À Dakar, au Musée des Civilisations Noires, le Premier ministre Ousmane Sonko a livré un discours sans détour lors d’une conférence consacrée à la souveraineté africaine. Devant un public attentif, il a dénoncé l’ordre mondial actuel, critiquant l’inefficacité des interventions militaires étrangères et l’attitude jugée condescendante de certaines puissances occidentales.
Dans une prise de parole offensive, le chef du gouvernement sénégalais a appelé à une rupture claire avec les schémas de dépendance. Selon lui, la véritable souveraineté repose sur la capacité des États africains à définir eux-mêmes leurs priorités, à renforcer leur autonomie stratégique et à s’affranchir des influences extérieures.
Insistant sur la nécessité d’un changement de paradigme, il a érigé la confiance en soi comme levier essentiel de libération, plaidant pour une Afrique capable de décider de son propre destin. Ce discours s’inscrit dans une dynamique plus large de repositionnement du continent dans un contexte international en mutation.

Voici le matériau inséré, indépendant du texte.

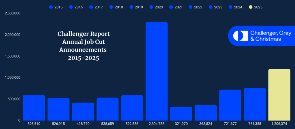 Further research from Challenger, Gray & Christmas found layoffs declined in December compared with November and were down 8% from a year earlier.

Plusieurs intervenants ont abondé dans le même sens. Abass Fall a rappelé que la souveraineté implique un refus de toute forme de domination, tandis que Pascal Boniface a salué l’émergence d’une nouvelle dynamique portée par la jeunesse sénégalaise. Pour sa part, Mariama Diaby a souligné que la souveraineté ne saurait être proclamée sans être concrètement organisée, financée et mise en œuvre.
Au-delà des discours, cette rencontre met en lumière une ambition affirmée : celle d’une Afrique plus autonome, déterminée à peser dans un monde désormais marqué par l’équilibre des puissances.